O preço de uma palavra
Por Otávio Henrique
Essa noite tive um sonho. Acho que “sonho” é um eufemismo para não falar logo pesadelo, então vou deixar o julgamento por sua conta. Sonhei que cada pessoa nascia com um determinado número de palavras para se falar durante a vida toda! A contagem se iniciaria na primeira palavra que alguém aprende (“papai” ou “mamãe”) e terminaria na última palavra antes do suspiro final. O destino de alguém não estaria à mercê do tempo, mas sim das palavras. A expectativa de vida não era medida por anos, mas sim pela média de palavras que alguém fala durante a vida. Independente da classe social, profissão, escolaridade ou padrão estético… ninguém poderia fugir dessa ortográfica maldição.

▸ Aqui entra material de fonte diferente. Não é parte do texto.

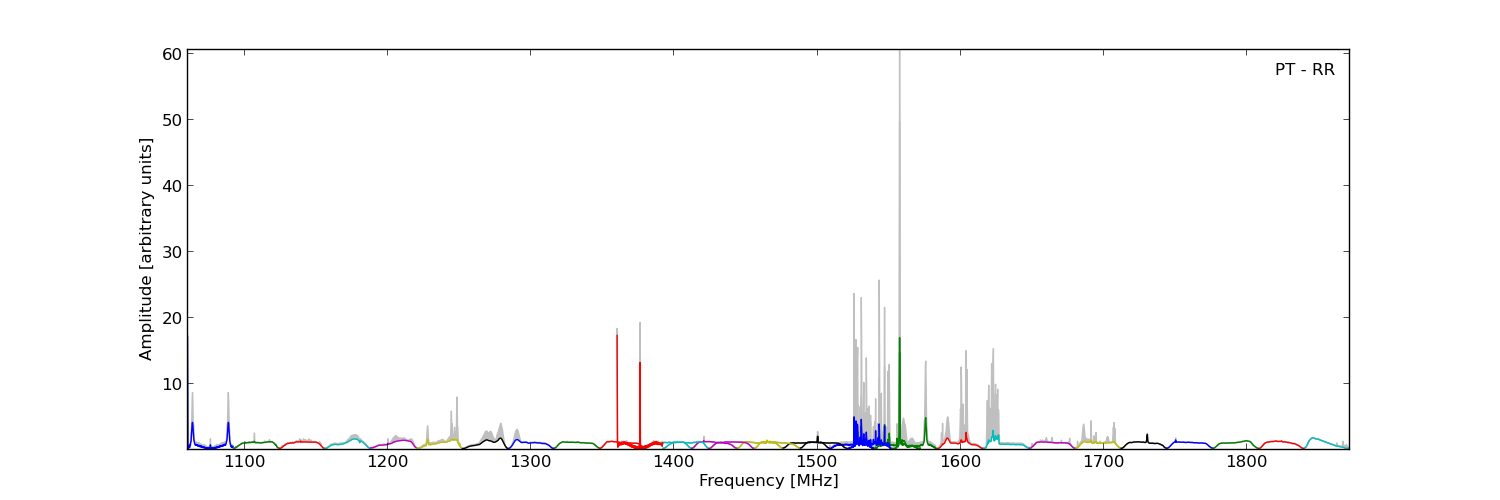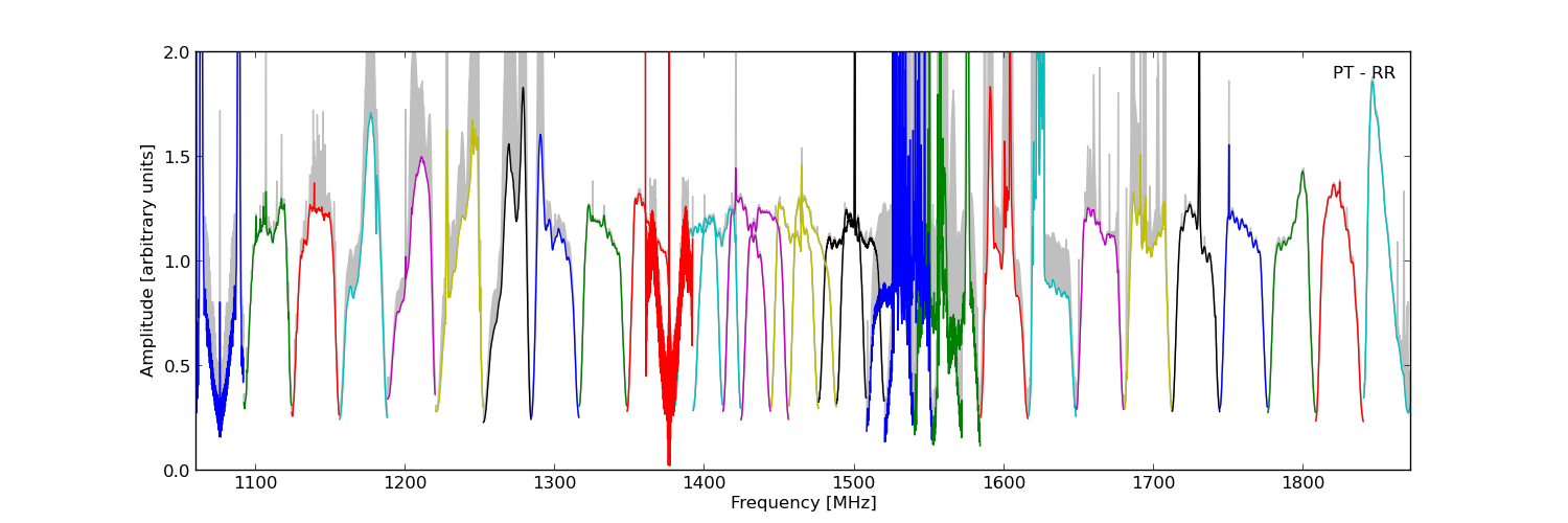 Total power spectrum in arbitrary units. The solid lines indicate the mean value and the shaded area the peaks.

No sonho, eu descobri que havia nascido com o estoque de 600.000 palavras. Mais de meio milhão de letras organizadas em sequência que formam sílabas – oxítonas, paroxítonas e proparóxitonas – para eu gastar livremente, como bem julgar. Porém, já havia gasto 550.000! Tendo me restado apenas 50.000 palavras. Não adiantava eu tentar burlar com palavras escritas ou até com mímica, assim que eu tentava transmitir uma mensagem e alguém a entendia… uma palavra era descontada do meu crédito. Fiquei desesperado, até quando meu olhar denunciava um “sim” ou “não”… uma palavra era descontada.

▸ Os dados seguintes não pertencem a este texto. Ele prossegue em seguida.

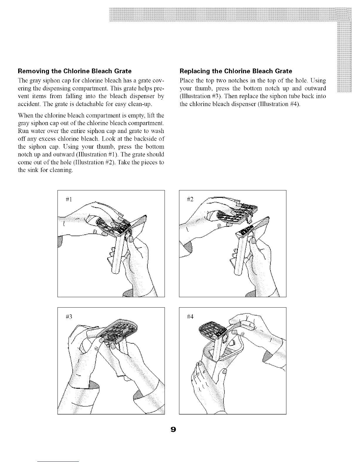 gray siphon cap out of the chlorine bleach compartment.

Quando me faltava pouco menos de 100, me isolei de todos. Passava horas olhando o horizonte e conferindo no extrato de minha mente, meus gastos desenfreados. Vi que havia economizado com conversas aleatórias com meus amigos; contei poucas piadas (engraçadas ou não) e falei poucas vezes “obrigado”, “eu errei”, “me perdoo”, “te perdoo”, “te amo”, “me amo”. Enquanto isso, ostentava insultos a mim e aos outros; paguei à vista ridículas explicações ao tentar me fazer de certo quando estava errado e investi extensos capitais em pessoas que não me deram uma vírgula de retorno.
Acordei assustado num pulo, olhando as silenciosas paredes e ouvindo meu vizinho discutindo com alguém. Lembrei que as palavras na vida real, não estão valendo muito. Quanta menor a mensagem na rede social, melhor. Quanto menor o áudio que você mandar, mais certeza de ouvirem. Quanto mais “good vibe” for a legenda da sua foto, mais curtida terá. Fiquei me perguntando quantas palavras eu falo por dia, por hora e por ano. Será que estou gastando com sabedoria?
Uma meta que estabeleci esse ano, é a de ser “mão-de-vaca” com minhas palavras. Vou usar com sapiência meu vocabulário e meu corpo para me comunicar. Além do mais, não sei quantas palavras me restam fora do meu sonho.